The many functional partnerships and interactions that occur between proteins are at the core of cellular processing and their systematic characterization helps to provide context in molecular systems biology. However, known and predicted interactions are scattered over multiple resources, and the available data exhibit notable differences in terms of quality and completeness. The STRING tool aims to provide a critical assessment and integration of protein–protein interactions, including direct (physical) as well as indirect (functional) associations. The new version 10.0 of STRING covers more than 2000 organisms, which has necessitated novel, scalable algorithms for transferring interaction information between organisms. For this purpose, hierarchical and self-consistent orthology annotations has been discovered for all interacting proteins, grouping the proteins into families at many levels of phylogenetic resolution. Further improvements in version 10.0 include a completely redesigned prediction pipeline for inferring protein–protein associations from co-expression data, an API interface for the R computing environment and improved statistical analysis for enrichment tests in user-provided networks.
The basic interaction unit in STRING is the functional association, such as a specific and productive functional relationship between two proteins, likely contributing to a common biological purpose.
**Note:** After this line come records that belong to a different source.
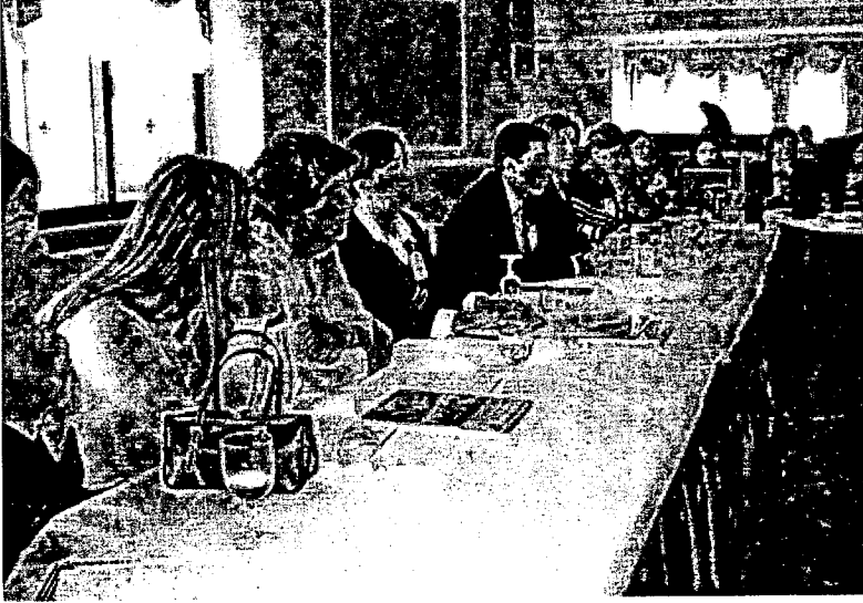
TÜBAKKOM Van I. Genel Üye Toplantısı.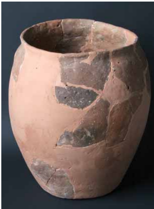
Sl. 3 Lonac, tip 1.1 (rekonstrukcija: M. Vuković Biruš)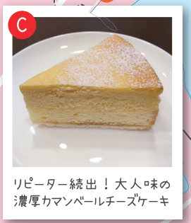
リピーター続出！大人味の濃厚カマンベールチーズケーキ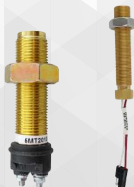
MSP 6744 SP 6715

Una solución robusta y económica para detectar la velocidad del motor.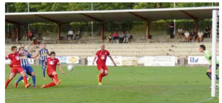
Talavera eta Amorebietaren arteko partiduko une bat.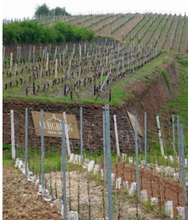
Die Lage Burgberg

Der trockene Schlossberg GG 2009 ist ein würdiger Vertreter der deutschen Weinkategorie Grosses Gewächs, zeigt dennoch eine andere Dimension als der Burgberg. Im vielschichtigen Bouquet fällt die schöne Würze unmittelbar auf. Der wiederum würzige Körper wirkt üppiger und weniger streng, aber vielleicht auch weniger gnadenlos und komplex als beim Burgberg. Dafür erweisen sich die Rasse und die Konsistenz des Schlossbergs als eindeutig. Ein toller, durchaus gelungener Wein, den wir mit 17/20 bewerten.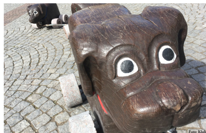
Hurra! Die Hundle sind wieder da und laden zur Innenstadt-Tour ein...

Alle öffentlichen Sitzungsvorlagen dieser und vergangener Gemeinderatssitzungen können Sie grundsätzlich ab mittwochs vor dem Sitzungstag unter www.bretten.de/stadt-rathaus-verwaltung/gemeinderat unter dem Link "Bürgerinfoportal" online abrufen. Kontakt: 07252/921-108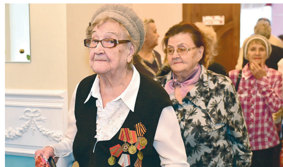
Мероприятия к Дню Победы!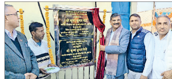
नरवाना। परियोजनाओं की शुरुआत करते हुए मंत्री बेदी।

हरियाणा के सामाजिक न्याय एवं अधिकारिता मंत्री कृष्ण कुमार बेदी ने नरवाना क्षेत्र के विभिन्न गांवों में पेयजल सुविधाओं के विस्तार के तहत बनाए गए बूस्टर स्टेशनों और नई पाइपलाइन परियोजनाओं का उद्घाटन किया। इन परियोजनाओं पर लगभग 8 करोड़ रुपये से अधिक की राशि खर्च की गई है। इनमें जल जीवन मिशन के तहत गांव दनौदा कलां में 2 करोड़ 77 लाख 40 हजार से नव निर्मित बूस्टर स्टेशन नम्बर.2ए गांव हरनामपुरा में 1 करोड़ 64 लाख 37 हजार तथा हथो में एक करोड़ 75 लाख 88 हजार की लागत से बने बूस्टर स्टेशन व पाइपलाइन के विस्तारीकरण का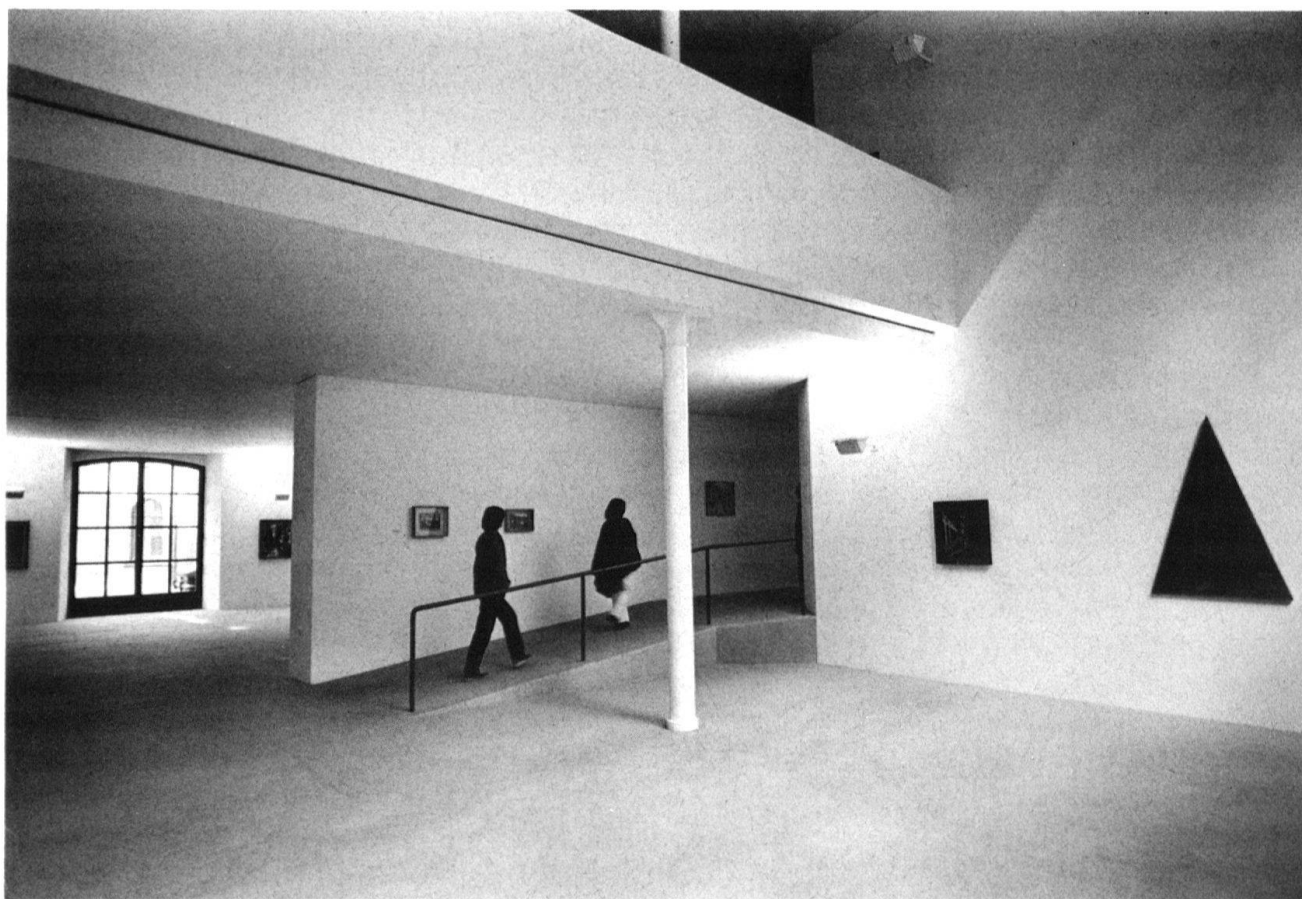
3 Espace intérieur du Musée d'art contemporain de Bâle.

S'il est dans la nature du musée de produire des effets pervers, on se demande alors s'il ne vaudrait pas mieux assumer ceux-ci, les accuser même, en jouer pour ne pas en devenir les jouets? Paradoxalement, le temps peut être un allié précieux dans cette entreprise d'exorcisme: il finit par faire ressortir des significations captieuses qui avaient commencé par agir clandestinement, il déprend donc le regard des leurre idéologiques. Le fait est que les musées se bonifient avec les années: leurs connotations religieuses, moralisantes, civiques, patriotiques, etc., se déposent comme du tanin, elles perdent leur nocivité, elles prennent en revanche une saveur poétique un peu surannée, comme les peintures académiques. Les anciens musées finissent par se muséifier eux-mêmes au second degré, en nous protégeant homéopathiquement contre leurs propres effets. La distanciation du regard ainsi réalisée nous entraîne à relativiser généalogiquement le discours muséal et à voir les objets dans leur relief historique.

Interactions are derived from multiple sources:
known experimental interactions are imported from primary databases
pathway knowledge is parsed from manually curated databases
automated text-mining is applied to uncover statistical and/or semantic links between proteins, based on Medline abstracts and a large collection of full-text articles
interactions are predicted de novo by a number of algorithms using genomic information as well as by co-expression analysis
interactions that are observed in one organism are systematically transferred to other organisms, via pre-computed orthology relations
STRING centers on protein-coding gene loci alternative splice isoforms or post-translationally modified forms are not resolved, but are instead collapsed at the level of the gene locus. All sources of interaction evidence are benchmarked and calibrated against previous knowledge, using the high-level functional groupings provided by the manually curated Kyoto Encyclopedia of Genes and Genomes (KEGG) pathway maps.
The STRING database contains information from numerous sources, including experimental data, computational prediction methods and public text collections. It is freely accessible and it is regularly updated. The resource also serves to highlight functional enrichments in user-provided lists of proteins, using a number of functional classification systems..
Protein–protein interaction networks are an important ingredient for the system-level understanding of cellular processes. Such networks can be used for filtering and assessing functional genomics data and for providing an intuitive platform for annotating structural, functional and evolutionary properties of proteins. Exploring the predicted interaction networks can suggest new directions for future experimental research and provide cross-species predictions for efficient interaction mapping.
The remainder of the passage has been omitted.